Records from a data source:

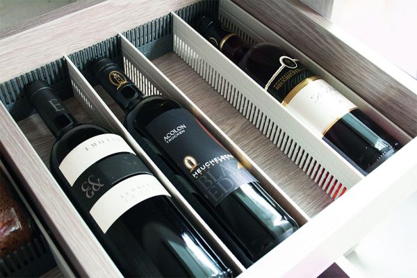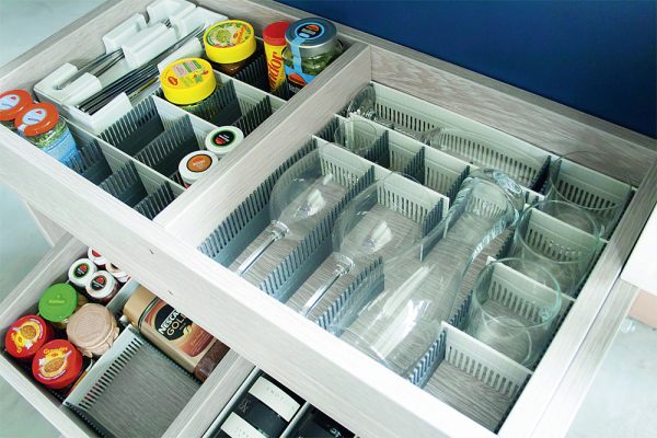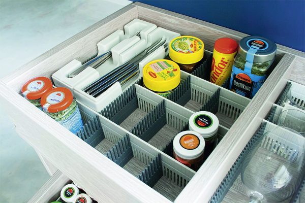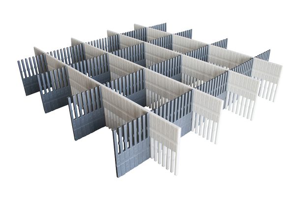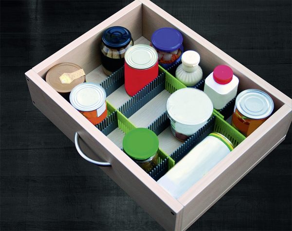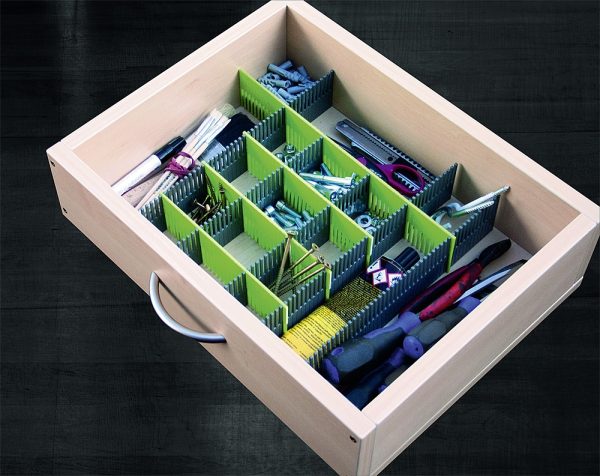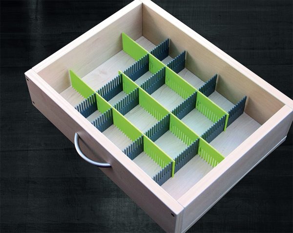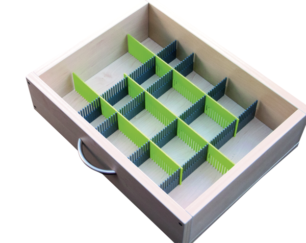 Das Stecksystem besteht aus 8 Stauleisten, die einen variablen Facheinsatz ergeben. Die Längs- und Breitstege aus flexiblem Kunststoff bieten optimalen Trennschutz für verschiedene Artikel und stabilisieren dadurch ihre Gegenstände bruchsicher und rutschfest. An der oberen Längsseite einer Stauleiste befinden sich viele Zinken, die durch einfaches Zusammenstecken eine stabile und feste Verbindung ergeben. Die enge Rasterung der Zinken ermöglicht eine flexible Verstellbarkeit auf fast jeden Abstand.
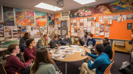A teacher passionately explains various art techniques to a captivated group of students, fostering creativity and discussion in an artistic environment filled with vibrant artwork.
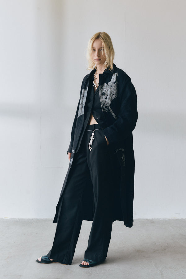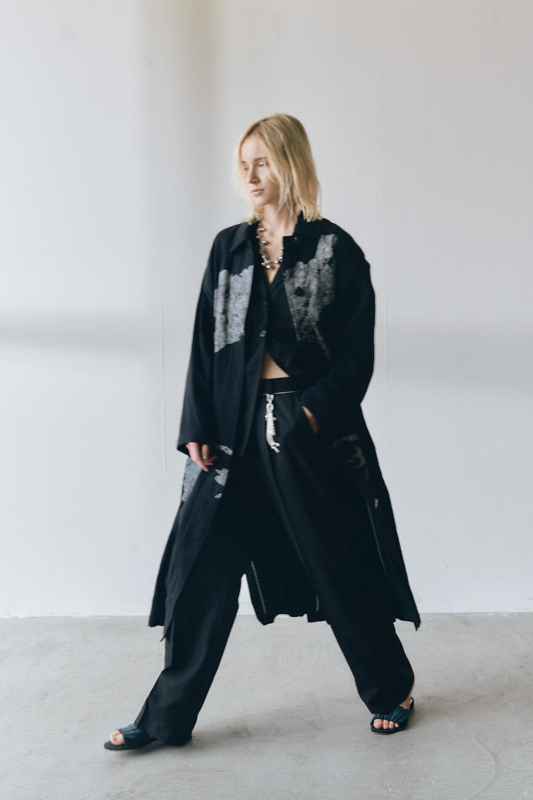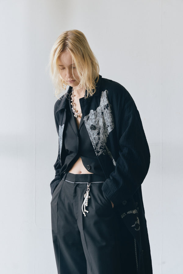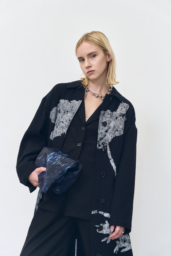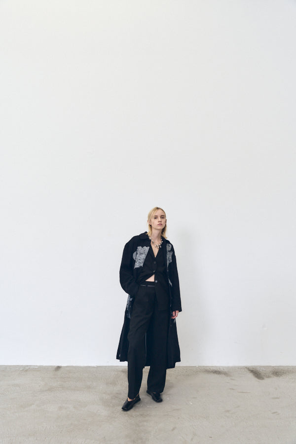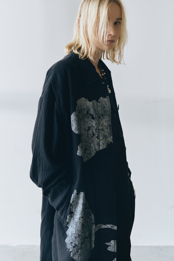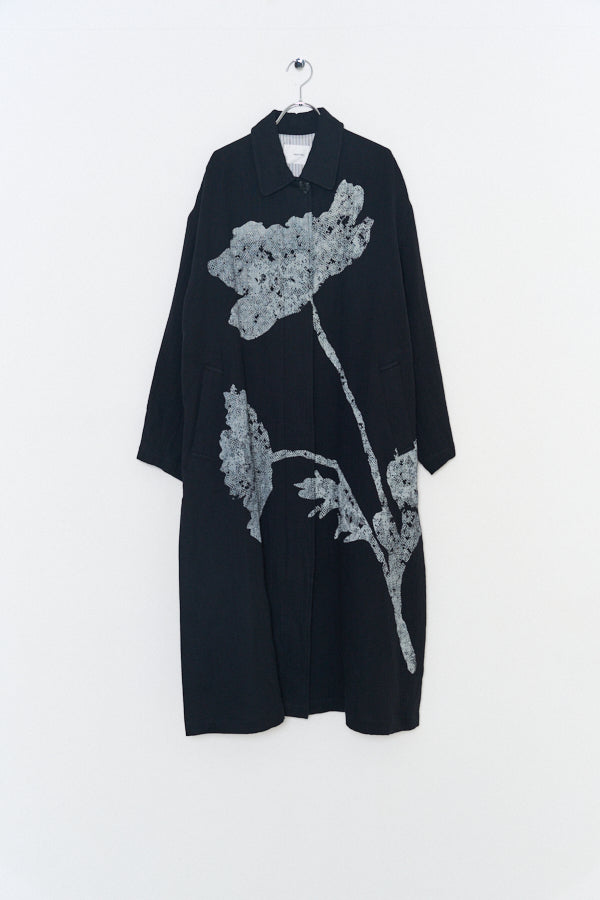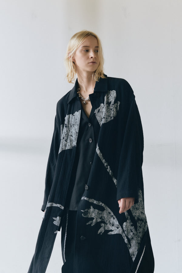 フラワープリントが印象的なダブルガーゼ素材のコート。
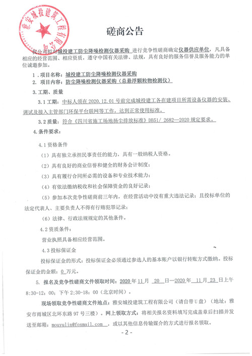 城投建工防塵降噪檢測(cè)儀器采購(gòu)競(jìng)爭(zhēng)性談判公告
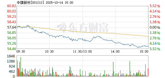 盘中跌幅达5%,截至14点40分,报54.75元,成交3.56亿元,换手率3.92%。

WORK TO COMPLETE
Pick up at the line containing "城投建工防塵降噪檢測(cè)" and copy each line exactly until the data ends, including that last line; copy no pictures.

SOLUTION
 城投建工防塵降噪檢測(cè)儀器采購(gòu)競(jìng)爭(zhēng)性談判公告
 盘中跌幅达5%,截至14点40分,报54.75元,成交3.56亿元,换手率3.92%。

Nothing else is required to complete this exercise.